=== WHAT IS NEEDED ===
In the listing below, locate the line that contains "Luego de que" and the line that contains "Zart Buttons Bright". Restate word for word those two lines and every line between them, and nothing else.

=== DATA LISTING ===
┄┄┄┄┄┄┄┄┄┄┄┄┄┄┄┄┄┄┄┄

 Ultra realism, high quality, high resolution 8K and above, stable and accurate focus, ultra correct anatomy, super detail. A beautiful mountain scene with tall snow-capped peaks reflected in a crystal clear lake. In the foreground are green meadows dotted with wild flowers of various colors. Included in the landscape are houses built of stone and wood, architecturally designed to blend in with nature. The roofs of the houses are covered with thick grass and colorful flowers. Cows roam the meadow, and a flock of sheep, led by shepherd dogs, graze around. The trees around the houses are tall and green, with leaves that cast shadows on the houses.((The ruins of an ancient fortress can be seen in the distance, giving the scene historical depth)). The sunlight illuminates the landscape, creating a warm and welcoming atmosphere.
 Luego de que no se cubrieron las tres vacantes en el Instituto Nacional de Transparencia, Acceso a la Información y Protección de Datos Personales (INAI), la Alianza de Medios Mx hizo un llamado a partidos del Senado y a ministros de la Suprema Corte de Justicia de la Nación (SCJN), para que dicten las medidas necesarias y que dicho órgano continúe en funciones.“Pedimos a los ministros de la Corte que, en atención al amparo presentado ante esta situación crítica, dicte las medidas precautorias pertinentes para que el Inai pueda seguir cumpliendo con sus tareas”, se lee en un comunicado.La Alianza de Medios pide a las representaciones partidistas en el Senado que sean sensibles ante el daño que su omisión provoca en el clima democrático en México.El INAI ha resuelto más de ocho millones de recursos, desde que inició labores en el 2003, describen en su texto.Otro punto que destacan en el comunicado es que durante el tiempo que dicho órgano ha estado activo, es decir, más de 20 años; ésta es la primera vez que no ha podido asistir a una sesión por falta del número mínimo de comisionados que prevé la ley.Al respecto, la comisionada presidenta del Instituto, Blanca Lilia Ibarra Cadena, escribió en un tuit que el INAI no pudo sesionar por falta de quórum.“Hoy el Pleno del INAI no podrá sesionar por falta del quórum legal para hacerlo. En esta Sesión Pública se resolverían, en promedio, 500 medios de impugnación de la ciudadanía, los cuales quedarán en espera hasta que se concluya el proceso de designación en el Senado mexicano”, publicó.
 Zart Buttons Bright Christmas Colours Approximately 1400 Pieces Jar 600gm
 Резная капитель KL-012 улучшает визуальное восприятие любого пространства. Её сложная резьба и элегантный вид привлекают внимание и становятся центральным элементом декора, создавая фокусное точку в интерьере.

┄┄┄┄┄┄┄┄┄┄┄┄┄┄┄┄┄┄┄┄

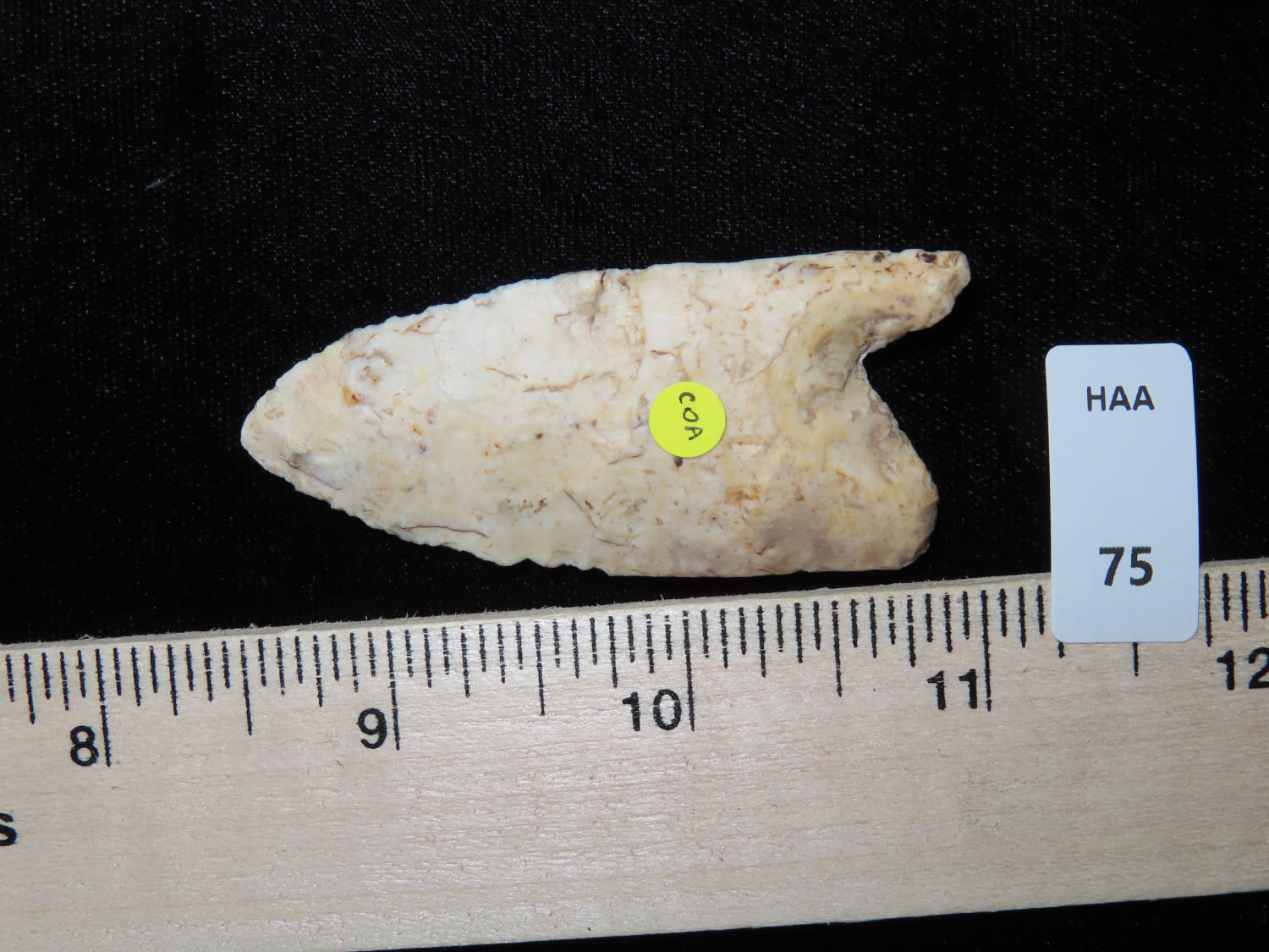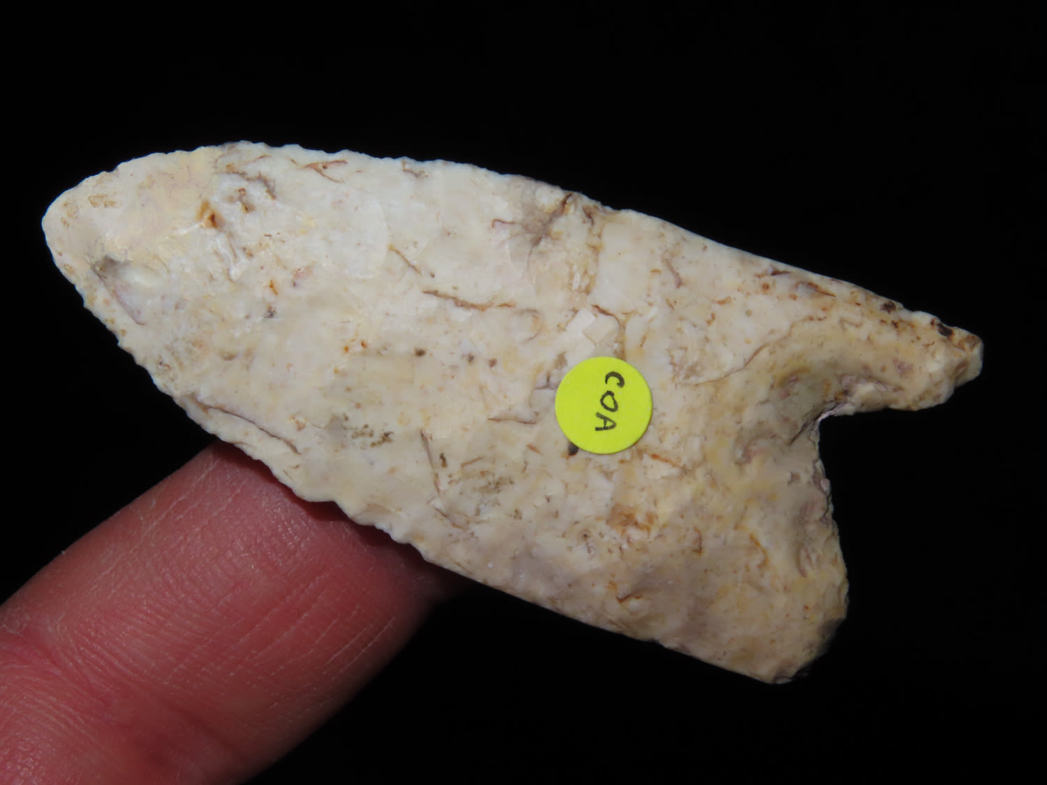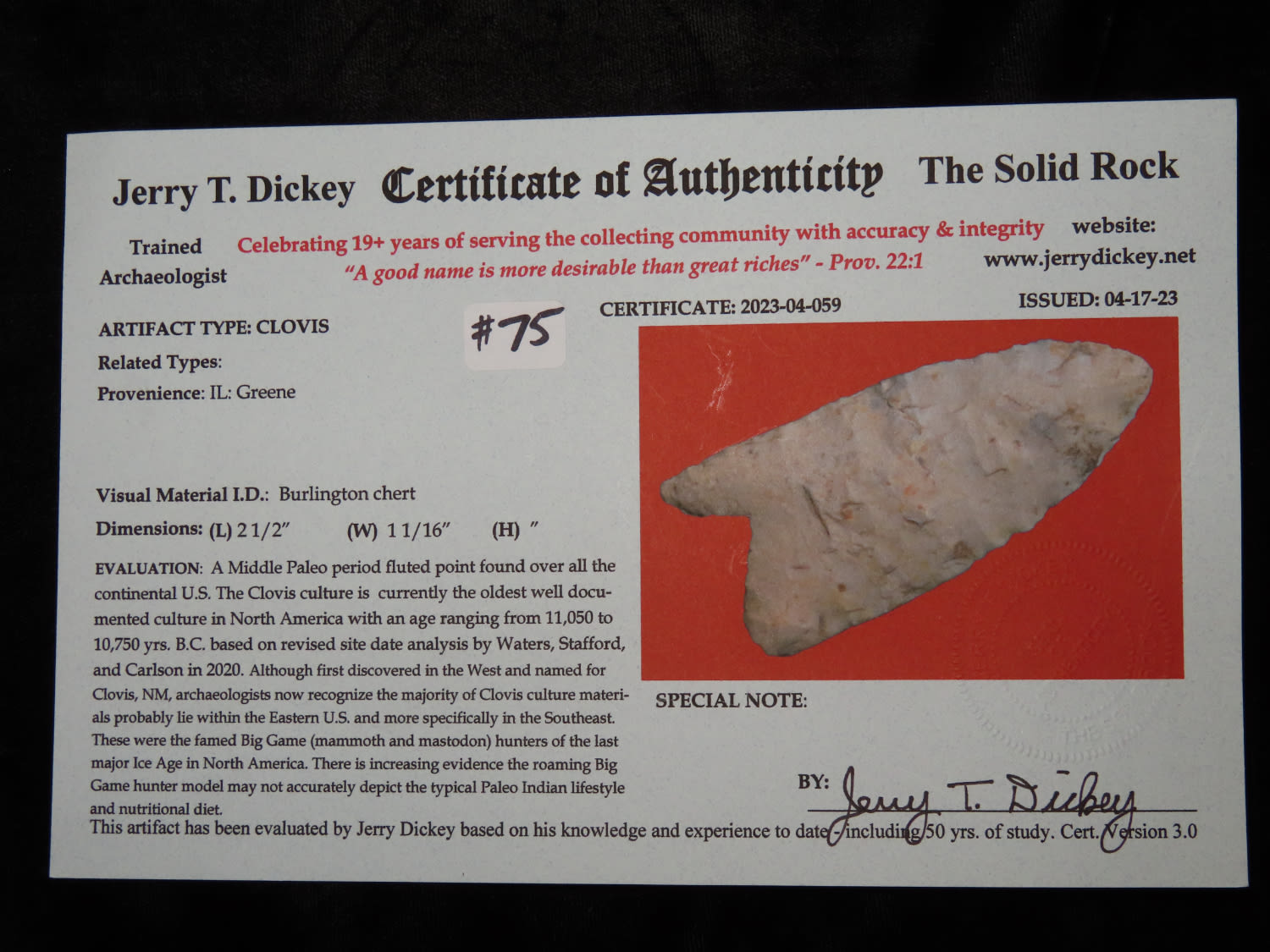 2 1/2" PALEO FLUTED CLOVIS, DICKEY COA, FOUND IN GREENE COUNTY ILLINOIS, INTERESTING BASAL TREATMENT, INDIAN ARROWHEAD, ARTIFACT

┄┄┄┄┄┄┄┄┄┄┄┄┄┄┄┄┄┄┄┄

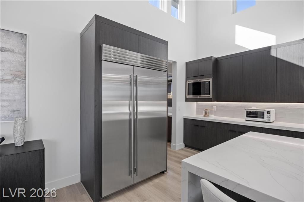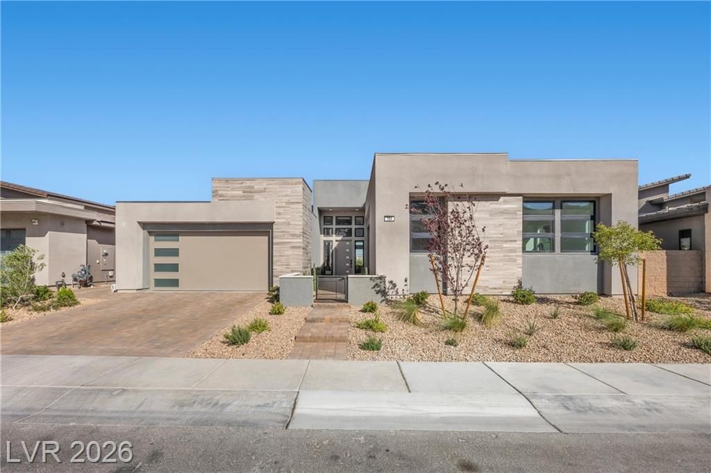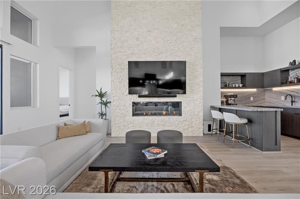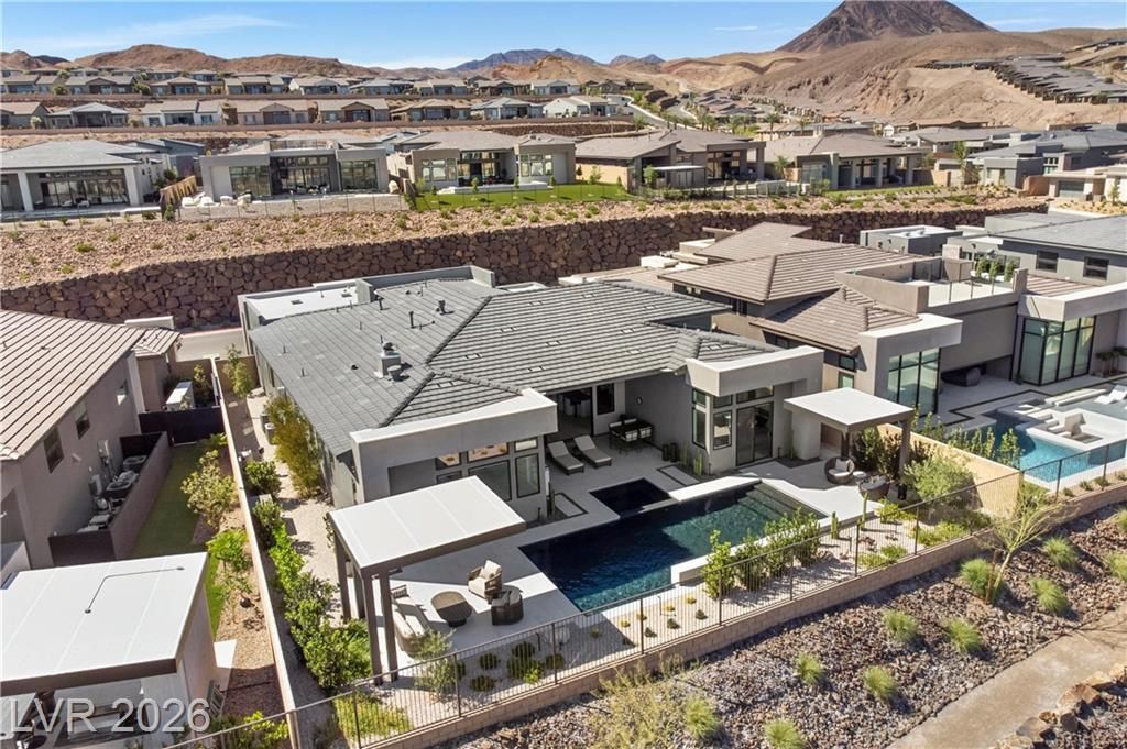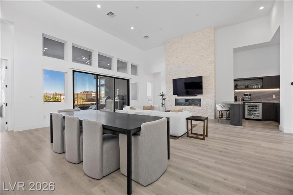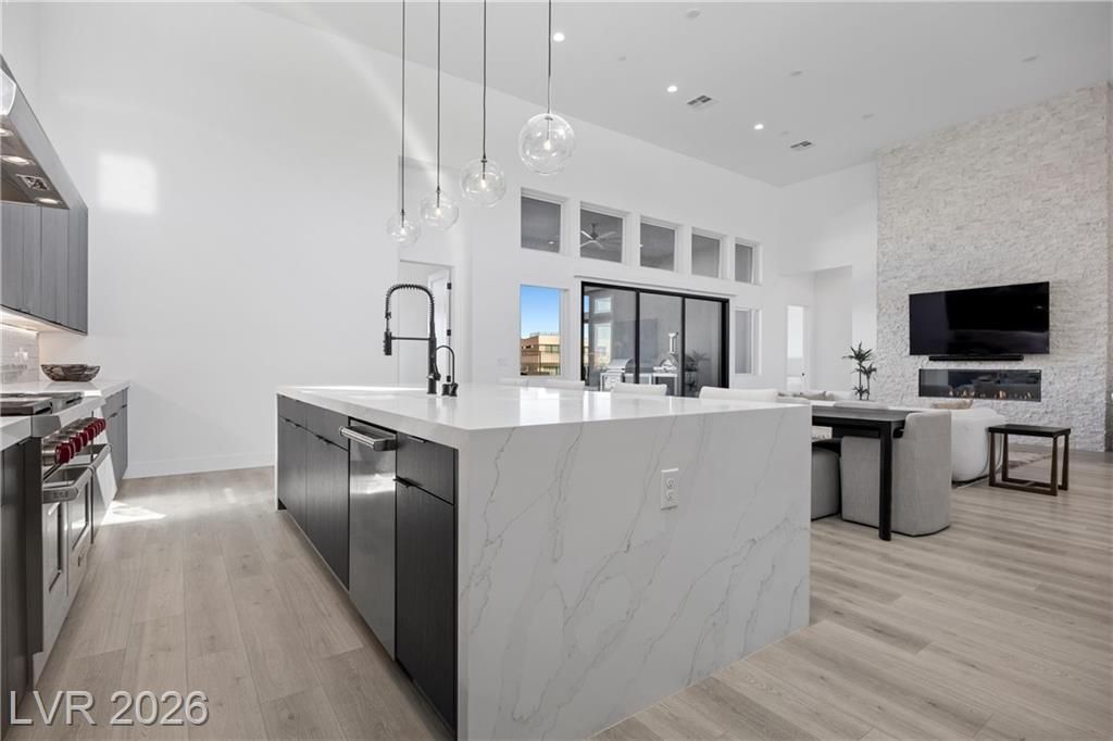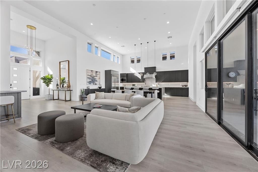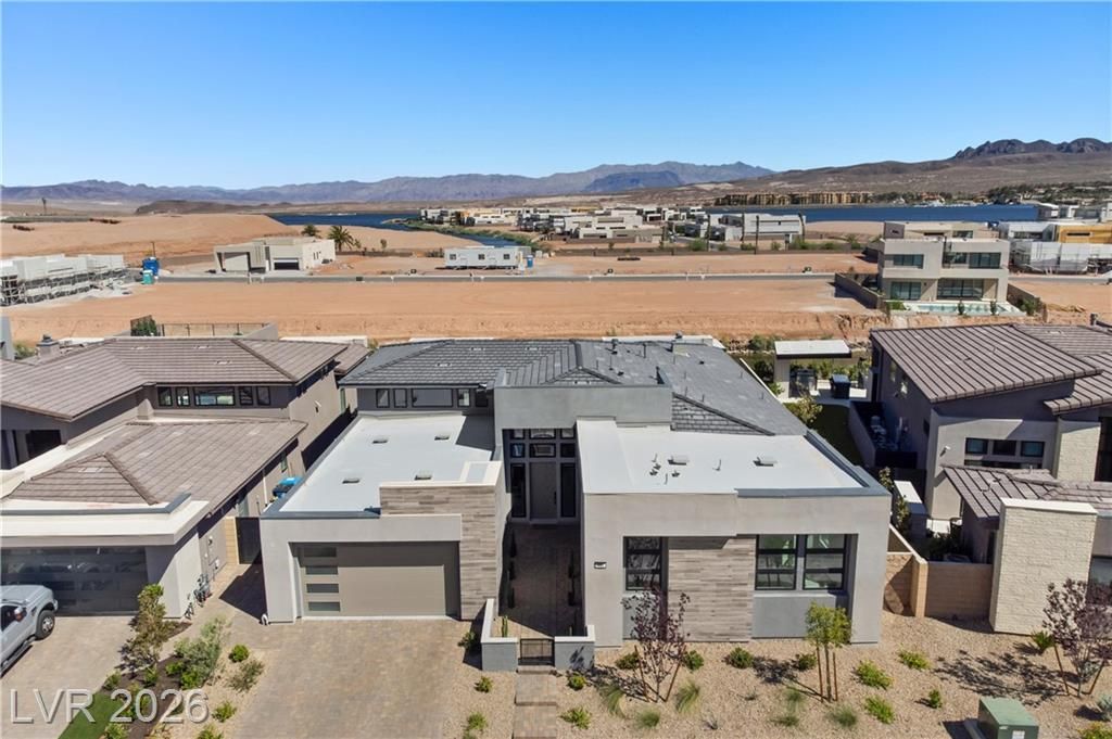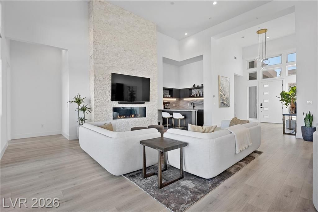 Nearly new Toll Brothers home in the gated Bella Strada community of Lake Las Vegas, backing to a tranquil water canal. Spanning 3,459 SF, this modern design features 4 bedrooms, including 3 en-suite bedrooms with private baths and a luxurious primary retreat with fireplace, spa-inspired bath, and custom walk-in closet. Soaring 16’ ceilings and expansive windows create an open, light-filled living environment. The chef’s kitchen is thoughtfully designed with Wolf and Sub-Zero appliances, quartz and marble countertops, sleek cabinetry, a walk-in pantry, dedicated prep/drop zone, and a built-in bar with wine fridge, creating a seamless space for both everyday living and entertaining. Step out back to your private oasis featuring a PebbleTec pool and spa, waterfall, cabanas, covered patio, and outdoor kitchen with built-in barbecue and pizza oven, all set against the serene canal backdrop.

┄┄┄┄┄┄┄┄┄┄┄┄┄┄┄┄┄┄┄┄

=== TASK OUTPUT ===
 Luego de que no se cubrieron las tres vacantes en el Instituto Nacional de Transparencia, Acceso a la Información y Protección de Datos Personales (INAI), la Alianza de Medios Mx hizo un llamado a partidos del Senado y a ministros de la Suprema Corte de Justicia de la Nación (SCJN), para que dicten las medidas necesarias y que dicho órgano continúe en funciones.“Pedimos a los ministros de la Corte que, en atención al amparo presentado ante esta situación crítica, dicte las medidas precautorias pertinentes para que el Inai pueda seguir cumpliendo con sus tareas”, se lee en un comunicado.La Alianza de Medios pide a las representaciones partidistas en el Senado que sean sensibles ante el daño que su omisión provoca en el clima democrático en México.El INAI ha resuelto más de ocho millones de recursos, desde que inició labores en el 2003, describen en su texto.Otro punto que destacan en el comunicado es que durante el tiempo que dicho órgano ha estado activo, es decir, más de 20 años; ésta es la primera vez que no ha podido asistir a una sesión por falta del número mínimo de comisionados que prevé la ley.Al respecto, la comisionada presidenta del Instituto, Blanca Lilia Ibarra Cadena, escribió en un tuit que el INAI no pudo sesionar por falta de quórum.“Hoy el Pleno del INAI no podrá sesionar por falta del quórum legal para hacerlo. En esta Sesión Pública se resolverían, en promedio, 500 medios de impugnación de la ciudadanía, los cuales quedarán en espera hasta que se concluya el proceso de designación en el Senado mexicano”, publicó.
 Zart Buttons Bright Christmas Colours Approximately 1400 Pieces Jar 600gm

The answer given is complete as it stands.